Beyond setting a new standard for the use of the ampersand, this set from Chris Jones and Co., is both a fabulous little introduction to one of bluegrass music’s most familiar personalities and a neat summation of where he has been.
With a daily six-hour block on SiriusXM’s Bluegrass Junction, Chris Jones has become a very well-known personality within bluegrass media; that he is actually a darn talented and insightful radio host is certainly a freakin’ bonus. This is the second compilation of Rebel recordings from Jones in a decade, and this will seem a bit mystifying to some readers especially as Jones has recorded only a single bluegrass album in the ten years since A Few Words.

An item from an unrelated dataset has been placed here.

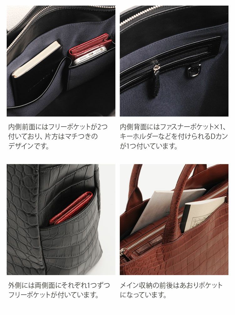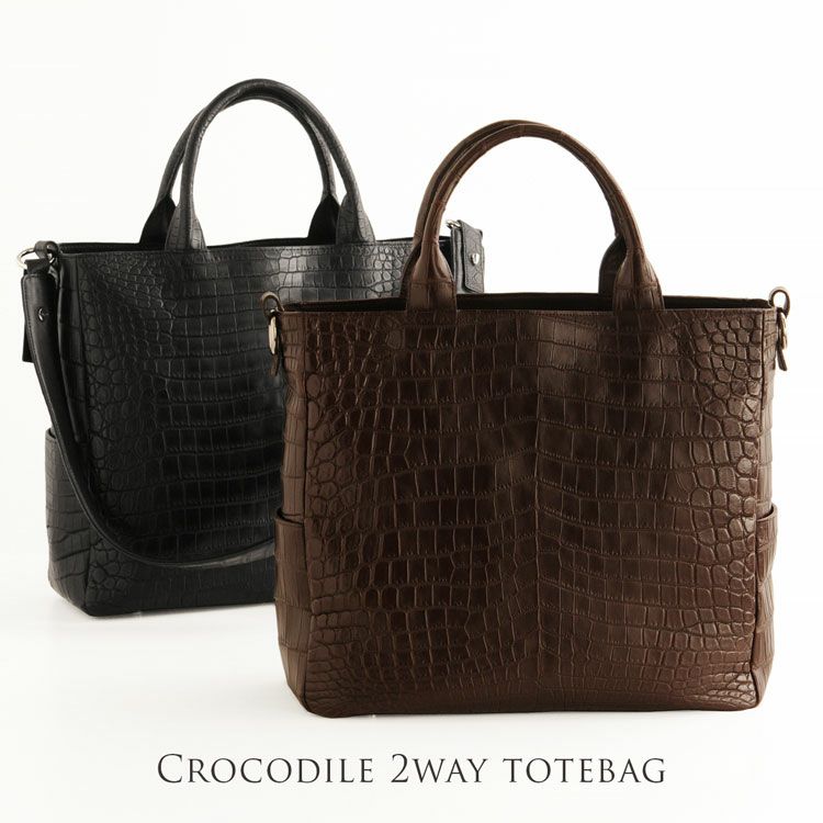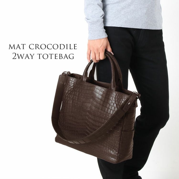 | 商品名:クロコダイル マット加工 トートバッグ 2WAY メンズ ダークレッド/ダークブラウン/ネイビー/ブラック |

Nitpicking aside, I’m sure there are very good reasons for the lack of output. If I were guessing- and I am- I would suggest that the daily grind of producing the radio show may hold back a bit the ‘full-time’ aspect of Jones’ bluegrass performing career. Then there was the ‘Americana’ excursion of Too Far Down the Road, Jones’ very strong album of the mid-aughts. The fact that Jones is a dedicated family man who has chosen to follow his wife Sally to her family’s northern Alberta home would also likely factor in to his small number of recordings since around 2000.

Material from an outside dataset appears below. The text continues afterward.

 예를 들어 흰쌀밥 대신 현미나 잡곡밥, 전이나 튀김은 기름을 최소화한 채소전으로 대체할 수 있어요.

What I do know is that I wish Chris Jones & the Night Drivers were more prolific, because the 14 songs contained on Lost Souls & Free Spirits: The Rebel Collection Old & New simply sharpens the appetite for their solid bluegrass approach. Settling somewhere between tradition and innovation, Jones and his Night Drivers have created a country-pure approach to bluegrass music.
In addition to previously released tracks, Jones has elected to include three recent recordings with the current Night Drivers line-up. “Final Farewell” was released well ahead of the album and, after spending several weeks bouncing around on the Bluegrass Today chart, settled into the #1 spot for the March chart. “Waltz of Regret” originally appeared- with slightly fewer ‘grass touches than here- on Too Far Down the Road as did “A Hero in Harlan,” one of the strongest Tom T. and Dixie Hall songs.
The remaining songs are culled from Just a Drifter (two tunes), No One But You (also two), and the currently unavailable Follow Your Heart (four songs). Including three selections from the fairly recent Cloud of Dust album is a mite perplexing; I would have preferred additional songs from the past, perhaps “Fork in the Road,” a rarity such as “Diesel Smoke on Danger Road,” or another new track.
Still, many of Jones’ most enduring songs are included, some of which he wrote, more from outside sources, among them “Bridge to Portsmouth,” “Nashville Blues,” “Uphill Climb,” and “The Man on the Side of the Road.” As Jon Weisberger mentions in the notes, most of these songs remain in the Night Drivers’ live set, making the set ideal for the festival table.
Lost Souls & Free Spirits: The Rebel Collection Old & New is hardly essential. With most of the songs available on other Jones albums, it is most likely best purchased by those who do not already own Jones’ impressive back catalogue. Realizing I’m in the minority, I would have better enjoyed a reissue of Follow Your Heart (the one Jones album I can’t locate on my shelves) fattened by the three new recordings.
Still, there is nothing wrong with the set, and plenty right with it. In fact, these forty minutes of Chris Jones & the Night Drivers are mighty satisfying, much like their live performance.